→ SUPPLIED DATA:
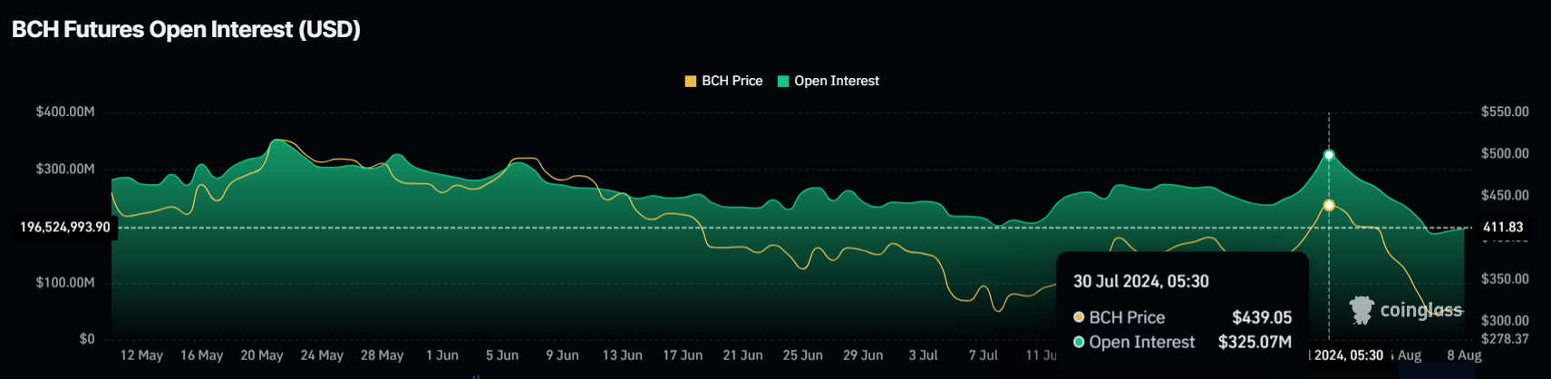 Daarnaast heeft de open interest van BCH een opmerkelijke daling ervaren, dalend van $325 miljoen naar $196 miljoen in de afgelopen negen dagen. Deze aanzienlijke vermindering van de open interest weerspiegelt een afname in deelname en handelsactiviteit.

* * *

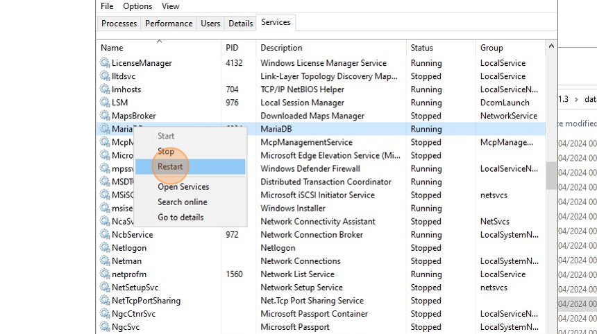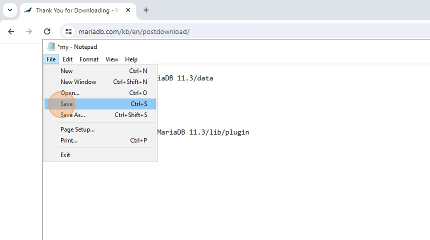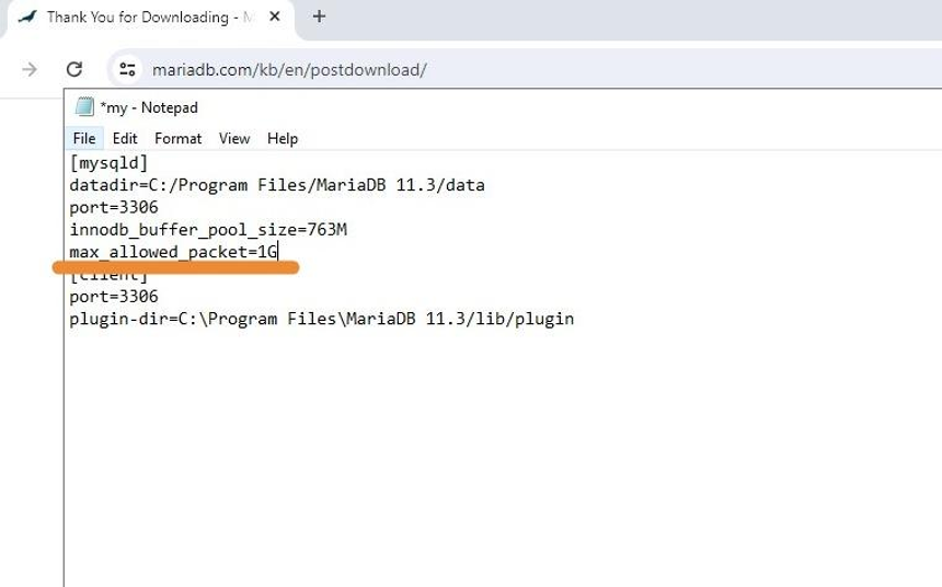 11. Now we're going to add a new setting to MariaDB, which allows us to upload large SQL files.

---

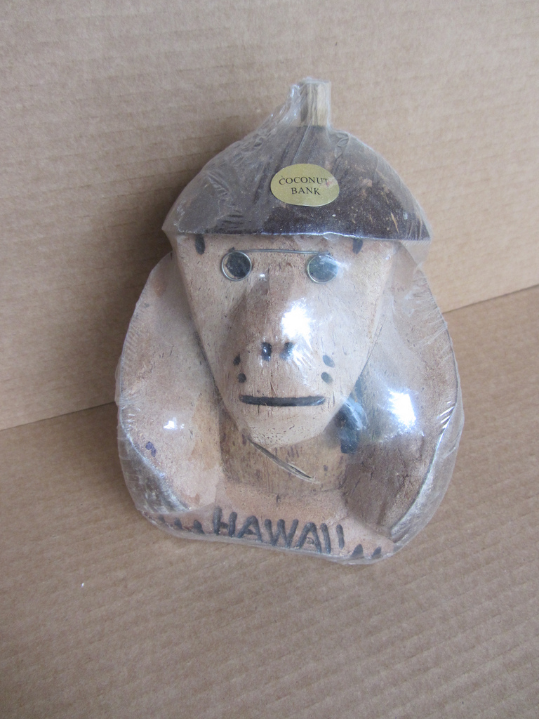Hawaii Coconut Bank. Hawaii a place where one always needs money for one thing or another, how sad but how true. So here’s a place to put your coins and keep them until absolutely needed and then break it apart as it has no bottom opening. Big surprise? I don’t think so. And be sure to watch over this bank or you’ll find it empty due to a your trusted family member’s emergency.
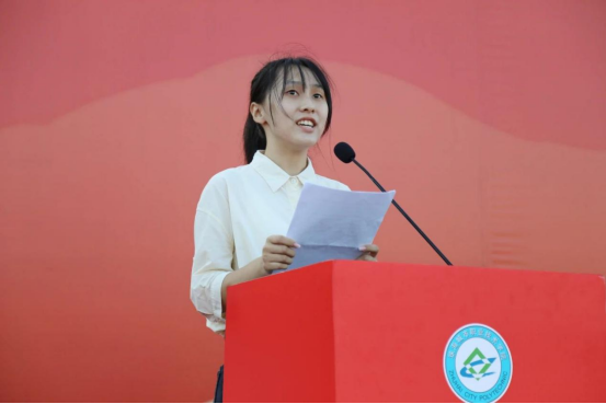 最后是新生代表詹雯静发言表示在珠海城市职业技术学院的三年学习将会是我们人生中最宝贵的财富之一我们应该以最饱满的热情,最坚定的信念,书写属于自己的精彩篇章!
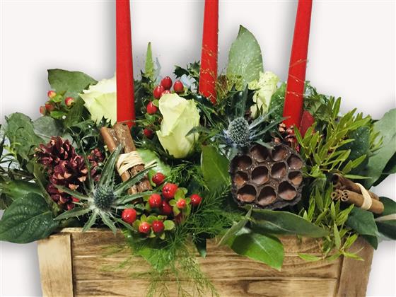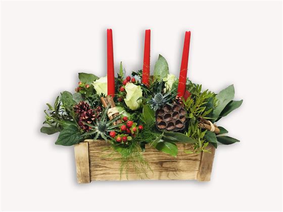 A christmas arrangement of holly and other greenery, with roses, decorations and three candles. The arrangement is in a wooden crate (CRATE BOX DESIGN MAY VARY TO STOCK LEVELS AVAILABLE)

→ TASK TO CARRY OUT: Exactly as written above, retype the lines starting at the one holding "Hawaii Coconut Bank." and ending at the one holding "A christmas arrangement", both included, but not the pictures.

→ PROBLEM SOLUTION:
Hawaii Coconut Bank. Hawaii a place where one always needs money for one thing or another, how sad but how true. So here’s a place to put your coins and keep them until absolutely needed and then break it apart as it has no bottom opening. Big surprise? I don’t think so. And be sure to watch over this bank or you’ll find it empty due to a your trusted family member’s emergency.
 最后是新生代表詹雯静发言表示在珠海城市职业技术学院的三年学习将会是我们人生中最宝贵的财富之一我们应该以最饱满的热情,最坚定的信念,书写属于自己的精彩篇章!
 A christmas arrangement of holly and other greenery, with roses, decorations and three candles. The arrangement is in a wooden crate (CRATE BOX DESIGN MAY VARY TO STOCK LEVELS AVAILABLE)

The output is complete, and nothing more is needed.